The ATAGS deal, split 60:40 between KSSL (184 guns) and TASL (123 guns), underscored the Kalyani Group’s dominance as the lowest bidder (L1), a position it aims to replicate in the TGS tender. With a production capacity touted by Chairman Baba Kalyani as capable of delivering “one gun per day”—over 350 annually—KSSL’s Pune facility is already primed to meet the Army’s initial demand of 400 units and scale up for the projected 1,500-gun requirement under the Field Artillery Rationalisation Plan. This scalability, coupled with a mature supply chain for components like barrels and breech systems, positions the Bharat-52 as a cost-effective, ready-to-deploy solution.

In comparison, competitors like TASL and L&T face structural challenges. TASL, while a key player in the ATAGS program, would need to adapt or develop a lighter variant for the TGS tender, incurring additional costs for design and production infrastructure. L&T, partnering with state-owned Advanced Weapons and Equipment India Limited (AWEIL), offers the Dhanush 155mm/52 caliber gun, an upgraded version of the 155mm/45 caliber system already in service. The Dhanush benefits from AWEIL’s existing manufacturing facility in Jabalpur and a lower development cost due to its PSU-backed evolution from the Bofors FH77B. However, its per-unit cost—estimated at ?14.5 crore for the 45-caliber version—may rise for the 52-caliber variant, and L&T’s reliance on a collaborative production model could dilute its pricing edge against KSSL’s fully in-house approach.

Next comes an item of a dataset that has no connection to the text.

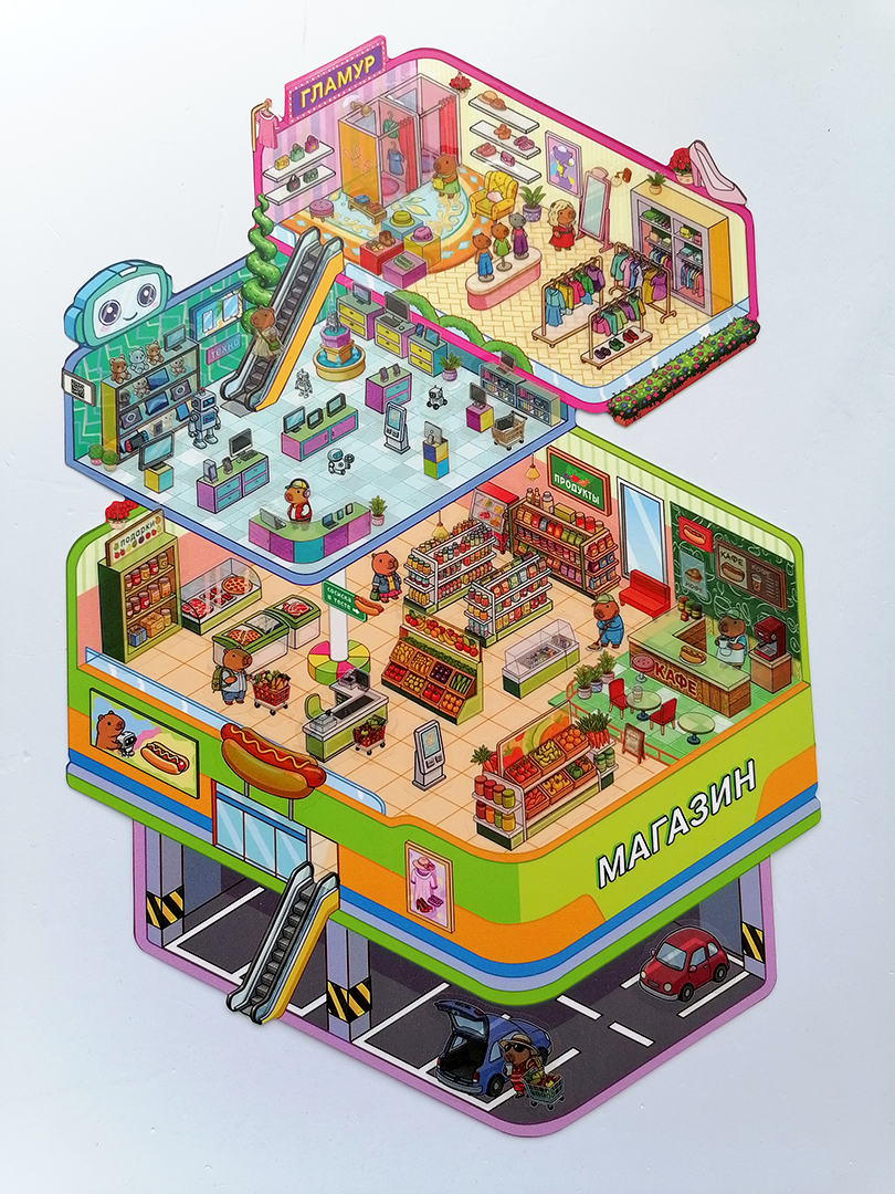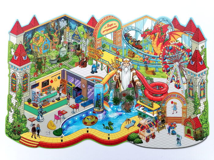 Увидела в фикспрайсе румбоксы, стикеры. Они состоят из картонной подложки, и нескольких листов стикеров. По образцу нужно воссоздать комнату или парк, наклеивая детали в нужном порядке.

The TGS tender, issued under the Buy (Indian-IDDM) category, mandates indigenous design, development, and manufacture with at least 50% local content, a criterion the Bharat-52 meets effortlessly. KSSL’s years of R&D have refined the gun’s features, including an auxiliary power unit (APU) and autoloading system, ensuring compliance with the Army’s technical requirements for mobility, automation, and firepower. While the Dhanush has proven reliable in trials, its transition to a 52-caliber configuration could introduce unforeseen challenges, though failure in technical evaluations remains unlikely given AWEIL’s experience. Nevertheless, KSSL’s stable, battle-ready Bharat-52—already trialed by international clients like Saudi Arabia—offers a lower risk profile.

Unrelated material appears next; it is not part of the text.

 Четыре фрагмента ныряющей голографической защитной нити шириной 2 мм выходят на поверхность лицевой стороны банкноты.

Cost remains the decisive factor. At ?11-12 crore per unit, the Bharat-52 undercuts the ATAGS by nearly 50%, a margin that could translate into billions in savings over the 1,500-unit program. For the initial 400-gun tender alone, KSSL’s pricing could shave ?4,000 crore off the ATAGS-based cost, making it an irresistible proposition for a budget-conscious MoD. TASL and L&T, burdened by the need to amortize new production investments, are unlikely to match this without compromising margins or relying on subsidies—a tough sell in a competitive bid.